You know the best thing about summer? Simple, Asian inspired dinners that can be whipped up in 30 minutes and served with loads of rainbow coloured veggies. That’s the best thing about summer.
We’re talking simple dishes that are quick enough for weeknights, but elegant enough for company. Because here’s the deal guys, in the middle of summer any and every night can be an entertaining night. These long warm evenings don’t last forever, so we gotta get out there and soak up summer and friendships. And all the baby roast veggies the summer can throw at you, right?

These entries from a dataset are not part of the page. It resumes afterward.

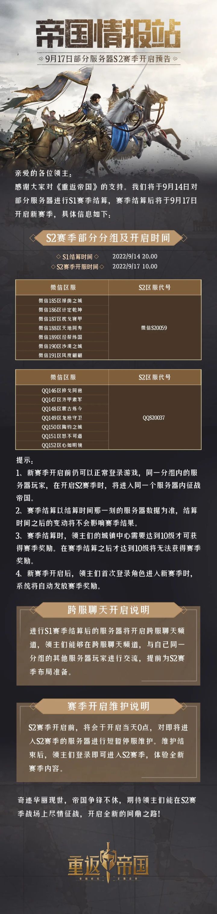 9月17日部分服务器S2赛季开启预告
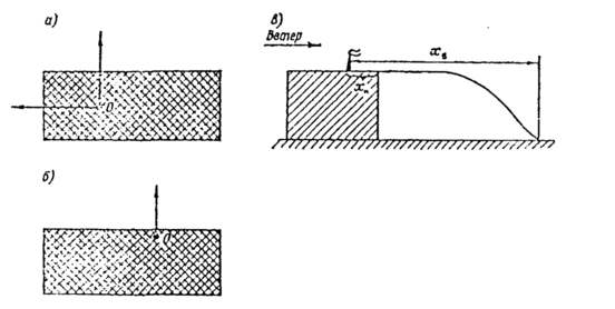 1. В отдельных случаях опасное направление ветра может быть установлено до проведения расчетов. Так, например, если источник располагается у более длинного края крыши, то опасным является направление ветра по нормали к ближайшей стене здания в сторону подветренной тени (см. рис. 13 б).
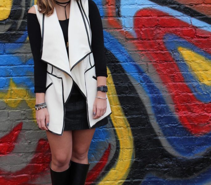 For this fun look, I paired some basic pieces together to make an outfit that is anything but basic. This black off-the-shoulder top is very versatile and perfect for layering. I decided to wear one of my favorite articles of clothing: my leather skirt. My black leather boots helped make the outfit a little more casual, but could be swapped for some black heeled booties to dress it up.
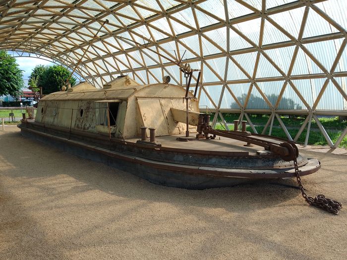 Puis sur le canal, passant un tunnel (du canal, moi j’ai le droit de passer au-dessus) je tombe ensuite à Puilly-en-Auxois, sur un des derniers remorqueurs électriques servant à tirer les péniches sous ce même tunnel, afin d’y éviter les avaries!

The secret to this 30 minute Asian beef is the sauce. Because isn’t the secret always the sauce? Mmmm K. So you’re gonna have to trust me on this sauce. It starts with some miso and some yogurt. But wait. Hear me out before you totally dismiss this idea. It’s definitely unorthodox, I’ll give you that. But something kind of magic happens when you mix that yogurt and miso together. The creaminess, the savoury umami-ness from the miso blend together, but what really ties it all together is the hit of sesame oil and the lime juice at the end.

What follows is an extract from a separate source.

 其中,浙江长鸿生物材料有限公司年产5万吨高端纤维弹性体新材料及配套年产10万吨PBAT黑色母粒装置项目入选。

I’m a food science and flavour nerd on a good day, and can often tell you how flavours complement or contrast each other and why. With this sauce, tho… it’s witch craft. I could not for the life of me figure out how this all works. It just does. And when weird flavour combos work, I think everyone should give them a try.

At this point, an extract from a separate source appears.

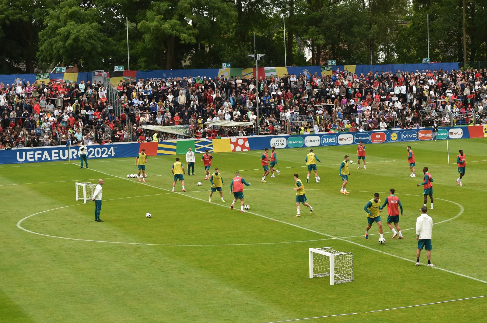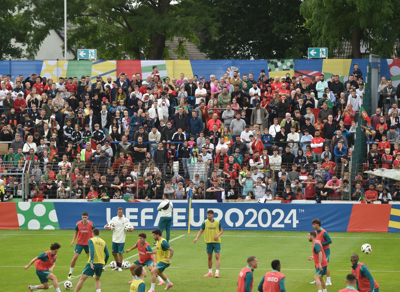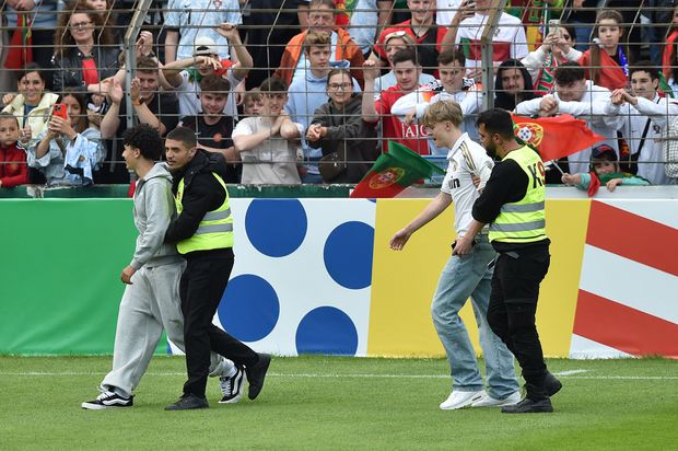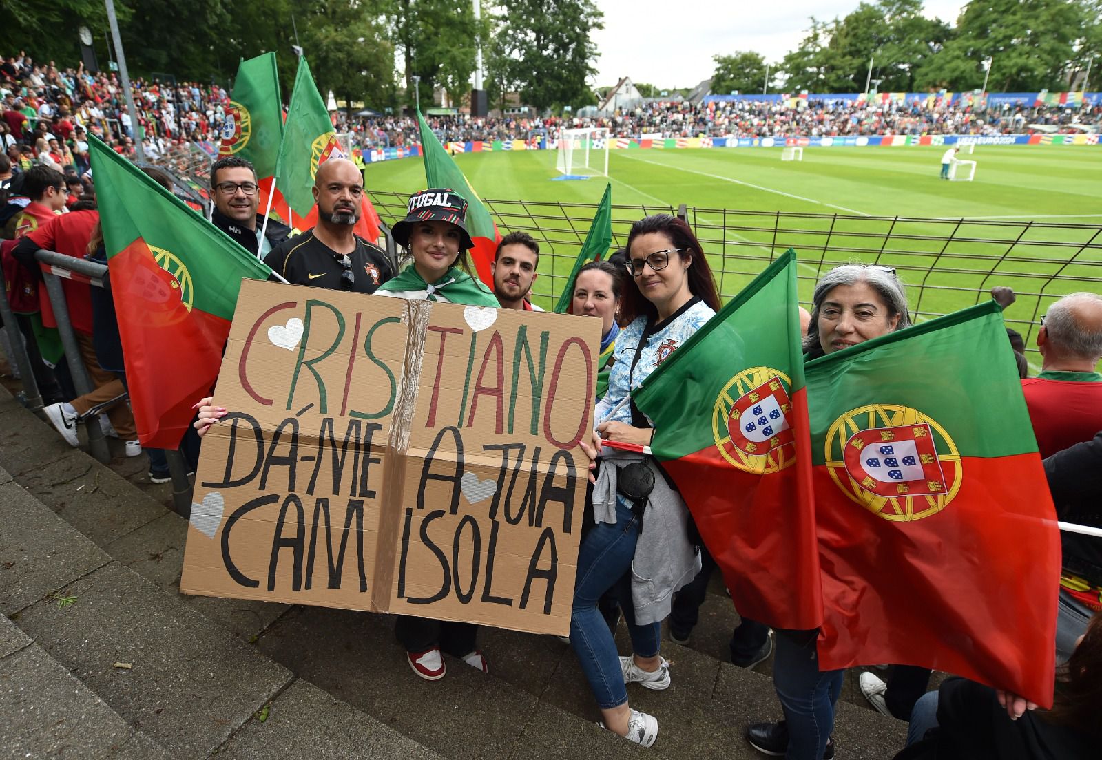 Depressa, porém, esqueciam exercícios de futurologia. Gutersloh, uma localidade que fica situada a cerca de 10 quilómetros de Marienfield, casa forte da seleção, foi completamente invadida por uma onda lusitana. Literalmente. Naquela hora e meia de treino — pouco exigente, menos tático, e que serviu, sobretudo, para animar os 8.210 presentes — houve mais de uma dezena de tentativas de invasões de campo, uma placagem feita pelo guarda-redes José Sá, já na parte final, para impedir um adepto que vinha mais acelerado, um sem número de manifestações de carinho em todos os exercícios, todo o sorriso de um internacional português, de cânticos (muitos...) direcionados, claro está, a Cristiano Ronaldo.

But before we go any further about how amazing this sauce is, let’s take a quick sec to admire them there baby beetroots, shall we?! ?? Oh… and how ’bout them little carrots too? See, when veggies and produce are this fresh, you just don’t have to fuss with stuff to make it look awesome. Besides, beef and beetroot… classic match made in heaven. And that earthy and nutty brown and wild rice is a solid decision to carry all that flavour to your face.
Clearly, this new dish is on heavy rotation at our house at the minute. But, there are still so many more summer dishes to fit in over our very short summer. But in the meantime, make this 30 minute Asian beef, and soak in summer time, kids.
30 Minute Asian Beef
- 1 8 oz steak
- 1 cup brown and wild rice mix
- 10 baby beetroot
- 10 baby rainbow carrots
- 2 Tbsp olive oil
For the Sauce
- 1/2 cup 125ml Greek yogurt
- 2 Tbsp brown miso paste
- 1 Tbsp toasted sesame oil
- squeeze of half a lime
- Cook the rice according to the package instructions.
- Preheat the oven to 200c
- Cut the baby veggies in half and coat with the olive oil and sprinkle with salt and pepper.
- Wrap in foil and roast in the preheated oven until cooked through. About 20 minutes.
- Meanwhile make the sauce.
- Whisk all the sauce ingredients in a bowl and season to taste.
- Cook the steaks on the grill or in a pan for about 2 minutes per side for medium rare.
- Serve over the rice, with the veggies and drizzle with the sauce.